Sivil toplum kuruluşlarının önemi

Özellikle sanayi devrimi sonrasında ortaya çıkıp, günümüze kadar değişerek, gelişerek sosyal ve ekonomik yaşamın bir parçası olmuştur sivil toplumun örgütlenmesi. Elbette ki çok daha eski dönemlerde de bazı sosyal dayanışma ve toplumsal örgütlenme biçimleri olmuştur. Fakat bugün anladığımız anlamda sivil toplum örgütlenmesi bu tür organizasyonlardan oldukça farklıdır elbette. Yasal statü, tüzük, denetleme ve denetlenme, resmi üyelik, aidat ödeme, seçimle belirlenen yönetim ve kurullar sivil toplum örgütlenmesine modern anlamda bir kimlik kazandırmıştır.

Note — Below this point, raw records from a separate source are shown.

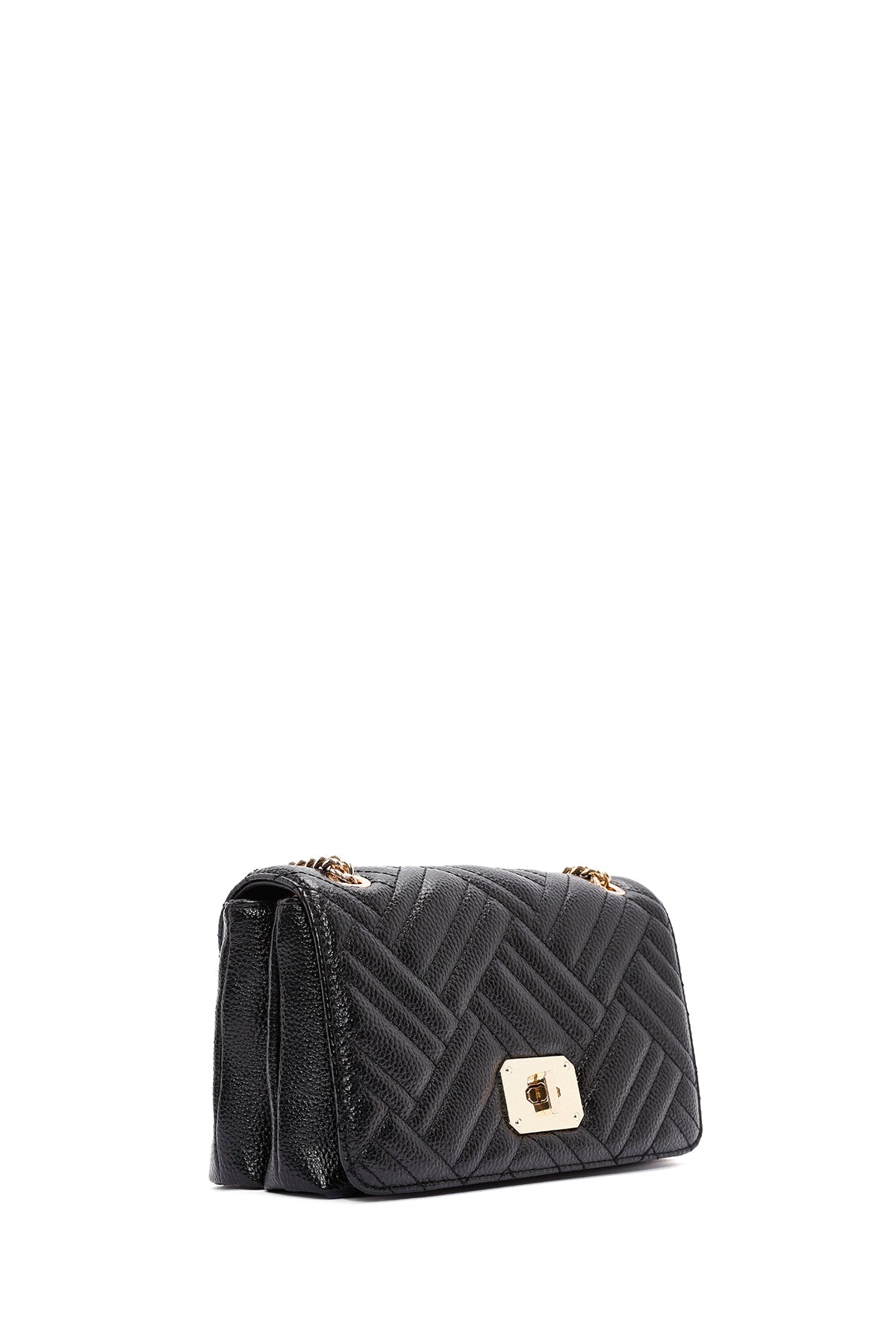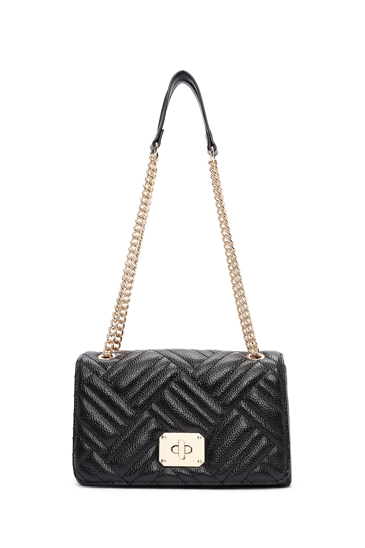 Kadın Siyah Uzun Zincir Askılı Kapitone Omuz Çantası
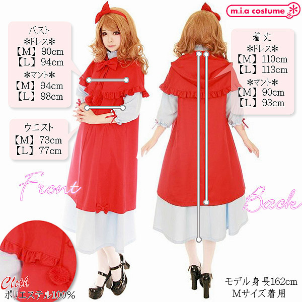 Mサイズ:ドレス(B90cm・W73cm・着丈110cm)・マント(B94cm・着丈90cm) セット内容:ドレス(後ろファスナー)、マント(前ボタン)、カチューシャ(ブローチピン付き)、ボンボン付きリボン 素材:ポリエステル100%
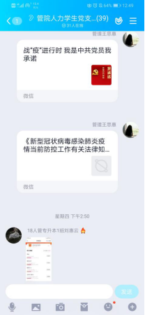 会上,王思惠首先解读了当前疫情情况,带领全体党员学习了习近平总书记关于疫情防控工作的重要讲话和重要指示批示以及中共中央印发的《关于加强党的领导、为打赢疫情防控阻击战提供坚强政治保证的通知》、中共安徽省委组织部《关于为打赢疫情防控阻击战提供坚强组织保证的通知》等文件精神。接着,王思惠强调要时刻注重日常预防,并向大家介绍了九个新型冠状病毒感染的肺炎公众预防指南。随后,全体党员以年级为单位设立党小组,分别就个人在疫情防控工作中的做法以及对此次疫情防控工作的看法做了交流发言,并承诺会在QQ、微信、微博等平台发表宣誓或者进行科普宣传。
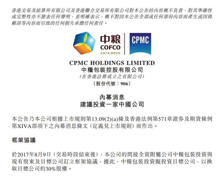 公开资料显示,中粮包装是中国最大的金属包装集团,主要从事食品、饮料及日化产品等消费品所使用包装产品的生产,拥有饮料罐、食品罐、气雾罐、金属盖、印铁、钢桶和塑胶等七大类主要包装产品。
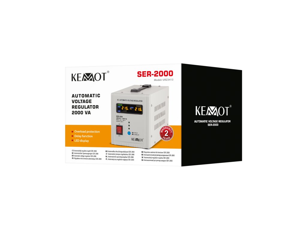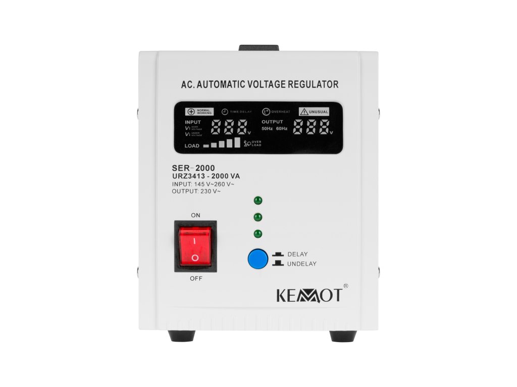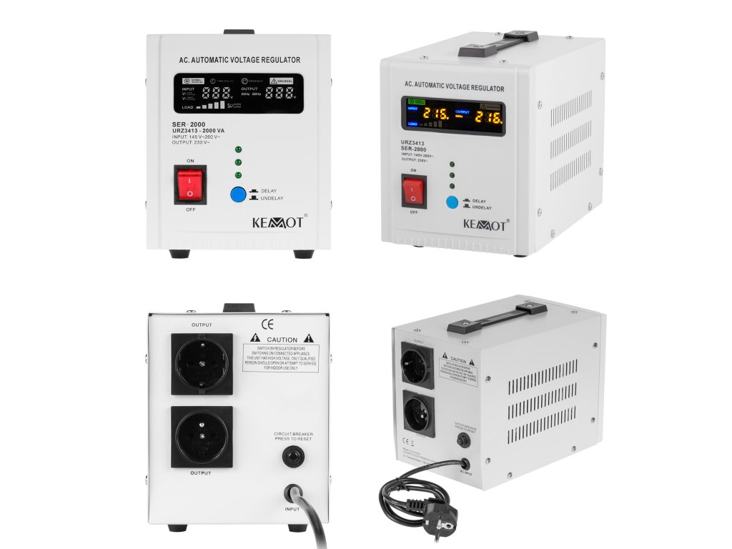 Az adatvesztés, a hirtelen leállás, a sérülés vagy a berendezés meghibásodása csak néhány az instabil feszültségek következményei közül. A Kemot SER-2000 a hálózati terheléstől és a kimeneti feszültség ingadozásától függetlenül 230 V ±5%-on tartja azt, lehetővé téve minden eszköz hatékony működését, beleértve azokat is, amelyek érzékenyek a hálózati feszültség minőségére. A szabályozás automatikus, ami nagy kimeneti feszültségpontosságot biztosít. A SER-2000 otthoni és irodai környezetben egyaránt alkalmazásra talál, ideálisan alkalmas audio/video berendezésekhez vagy számítógépekhez.
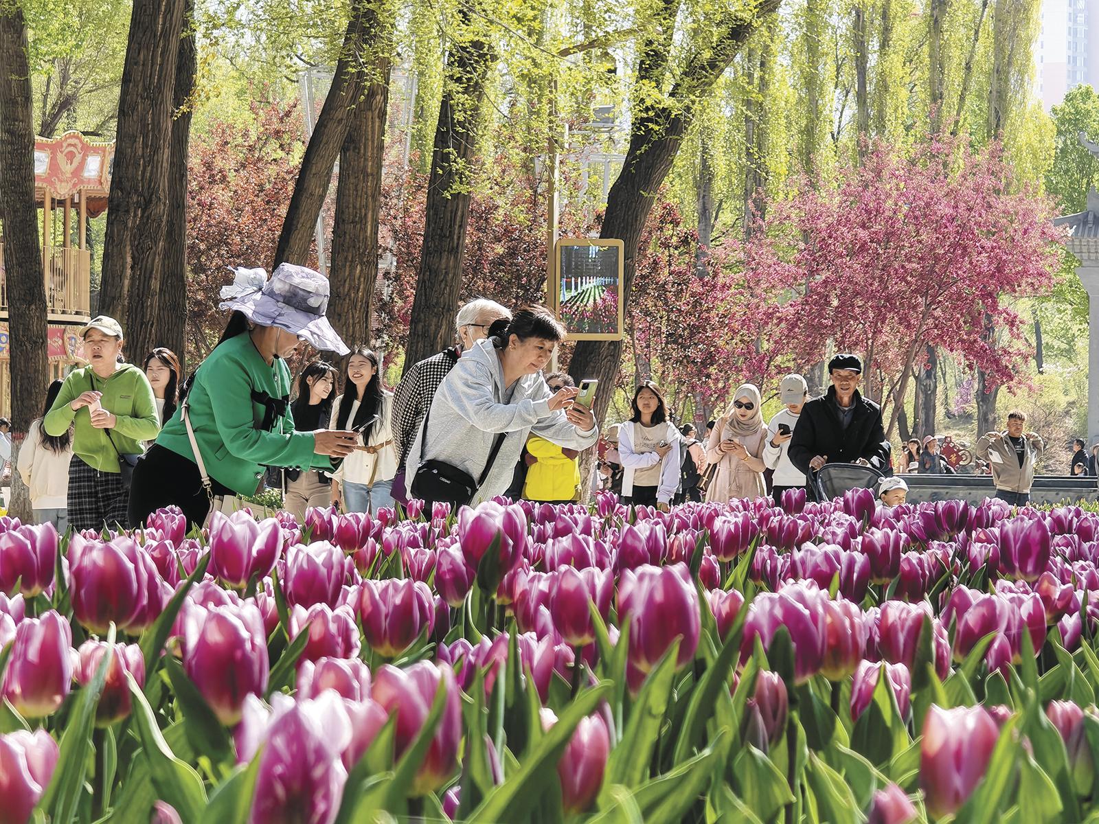 4月25日,西宁市人民公园游人如织,春日赏花氛围浓厚。园内30个品种、22万株郁金香竞相开放,吸引不少市民游客前来观景拍照。公园垂柳泛绿、桃花吐艳,各类春花相映成趣,勾勒出高原春日靓丽图景。

Sivil toplum kuruluşları, üyelerinin bir araya gelmekteki ana nedenleri dışında aynı zamanda birer toplumsal baskı grubudurlar ve ülkenin siyasi, sosyal, ekonomik ve kültürel birçok sorunlu alanına müdahil olup, demokratik yollarla tavır koyarak, karar vericileri etkileme misyonuna da sahiptirler. Tüm bu özellikleri itibarıyla oda, sendika, vakıf ve dernek adı altında faaliyet gösteren sivil toplum kuruluşları ekonomik, siyasal ve demokratik anlamda daha ileri, daha şeffaf dolayısı ile gelişmeyi hedefleyen bir ülke için olmazsa olmaz unsurlardan biridir. Bugün ekonomik, siyasal ve demokratik olarak ileri oldukları kabul edilen ülkelerin gelişme ve bunu sürdürme sürecinde sivil toplum kuruluşlarının etkisi de tartışılmazdır.
Kavramın uygulamadaki durumuna tersinden bakacak olursak, sivil toplum kuruluşları bu baskı unsuru olma özelliğinden dolayı ekonomik ve siyasal olarak gelişme kaygısı gütmeyen yönetimlerin en fazla müdahale ettiği alanların belki de başında gelmektedir. Örgütlü kitleleri yönetmenin zorluğu bu tür yönetimler tarafından bilinmekte, bu nedenle örgütlenme baskı altına alınmakta, aynı zamanda iktidarlarla birlikte çalışan toplumsal değil kişisel çıkar amaçlı ve daha uyumlu STK’lar kurdurulup bu örgütlerin direnci kırdırılmaya çalışılmaktadır.
Geniş anlamda siyasi partilerin de birer sivil toplum kuruluşu olduğu düşünüldüğünde bağımsız sivil toplum kuruluşları demokratik toplumun en dinamik, katılımcı ve etkin unsurlarıdırlar. Ülke sorunlarına duyarlı bu örgütler eleştiri ve çözüm önerileri ile ülke siyasetine katkıda bulunurlar. Ayrıca bireysel olarak ta bu tür örgütlenmelerin içinde yer almak bireylerin bilinç seviyesini yükseltir. Toplumsal olaylara, ülke geleceğine ilişkin fikirler üreterek, eylemlerde bulunarak toplumun olumlu yönde yol almasına katkıda bulunurlar.
Sonuç olarak bu gibi amaç, eylem ve etkileri nedeniyle otoriter yönetimler, demokrasilerin vazgeçilmez bir aktörü olan aktif ve bağımsız sivil toplum kuruluşlarının varlığından rahatsız olurlar. Hiç olmaması veya olacaksa da uyumlu, aktif olmayan ve toplumsal çıkarları değil bireysel çıkarları hedefleyen STK’larla çalışmayı arzularlar. Çok seslilikten uzaklaşan bir toplumun işleyişi hakkında fikir sahibi olmakta dünyadaki örneklerine baktığımızda çokta zor olmasa gerek.